§ Problem statement
The lines you should transcribe are those from the one containing "看著一個(gè)個(gè)穿" to the end of the listing below, exactly, with pictures left out.

§ Data extract
# # #

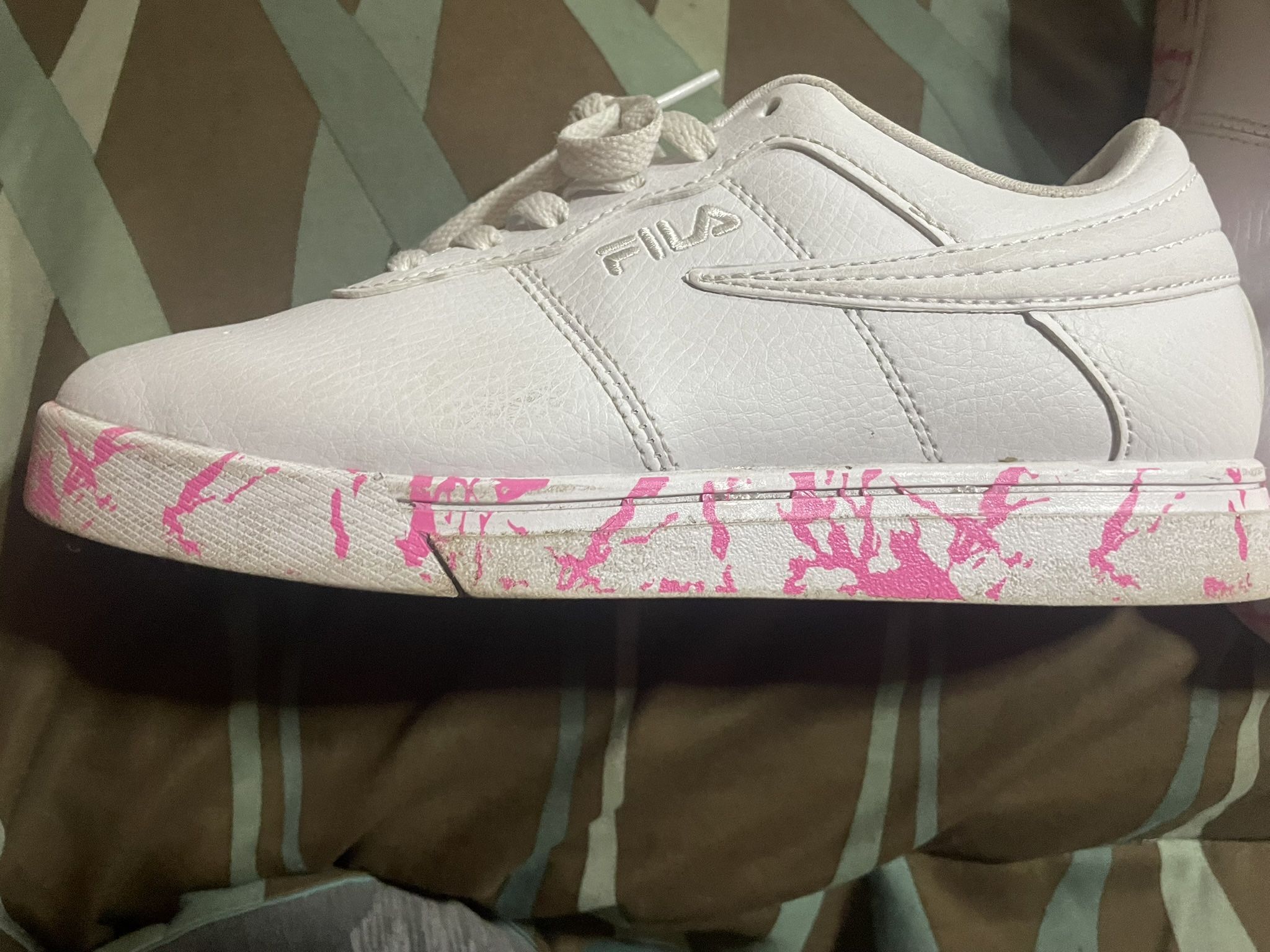 Stylish pink and white Fila sneakers. In good condition, with a few signs of wear, including scuff marks on the toe of one shoe, which adds to their unique look. Great for everyday wear. Brand, model, color, and size can be found in the title. Make me a offer
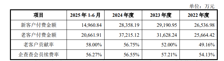 根据招股书,2024年,企查查新增付费用户数为50.76万个,较2023年减少4.8万个;2025年上半年新增付费用户数万25.11万个,略低于2024年的50%。从金额方面来看,2024年,新客户付费金额2.84亿元,较2023年下滑2.74%。
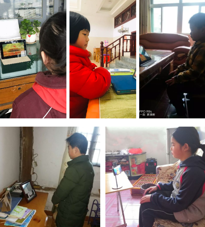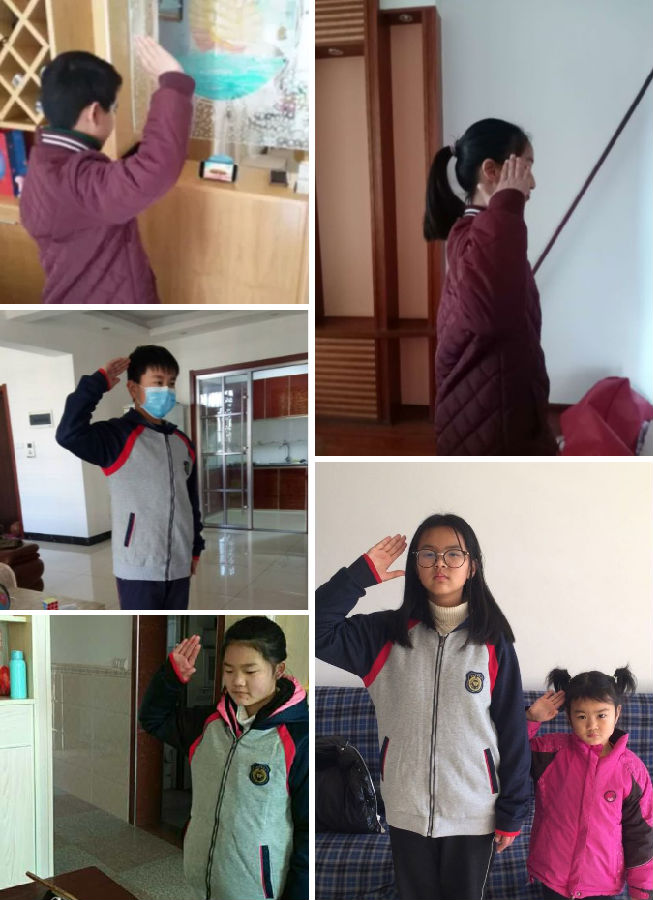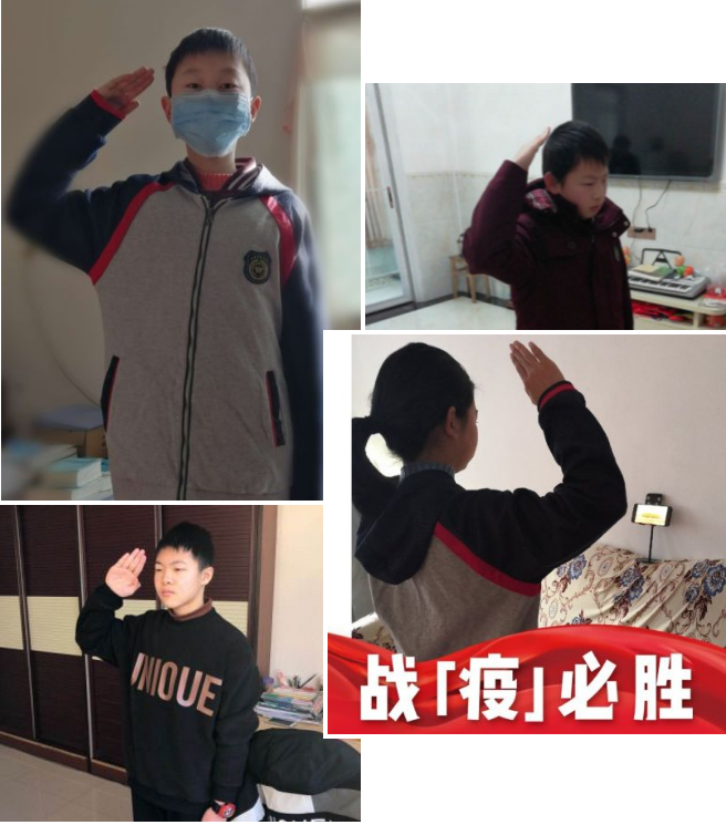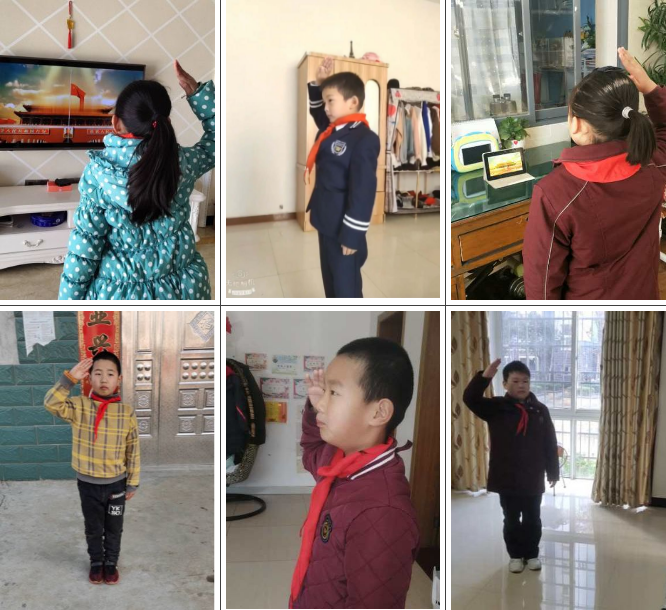 看著一個(gè)個(gè)穿戴整齊的同學(xué)們,他們胸前佩戴紅領(lǐng)巾在家面向直播中的國旗肅立,聽指揮高唱國歌,少先隊(duì)員敬隊(duì)禮。相信因?yàn)橐咔殚_學(xué)遇到了延遲,但是我們對祖國的愛從不延遲!
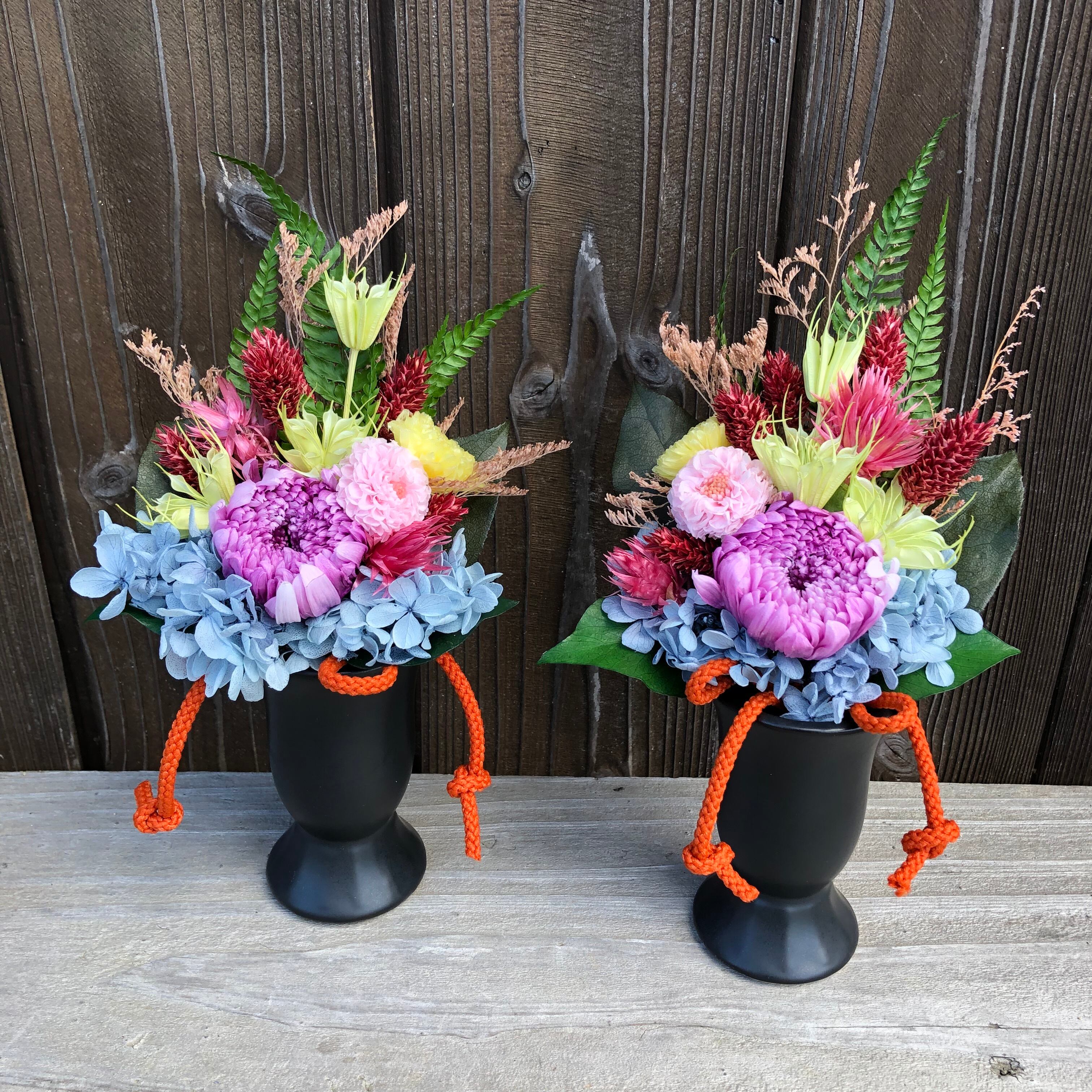 プリザーブドフラワーを使用しており、長期間にわたって鮮度を保つことができます。お供え花として最適なサイズで、お仏壇や位牌のそばに飾ることができます。

# # #

§ Answer area
 看著一個(gè)個(gè)穿戴整齊的同學(xué)們,他們胸前佩戴紅領(lǐng)巾在家面向直播中的國旗肅立,聽指揮高唱國歌,少先隊(duì)員敬隊(duì)禮。相信因?yàn)橐咔殚_學(xué)遇到了延遲,但是我們對祖國的愛從不延遲!
 プリザーブドフラワーを使用しており、長期間にわたって鮮度を保つことができます。お供え花として最適なサイズで、お仏壇や位牌のそばに飾ることができます。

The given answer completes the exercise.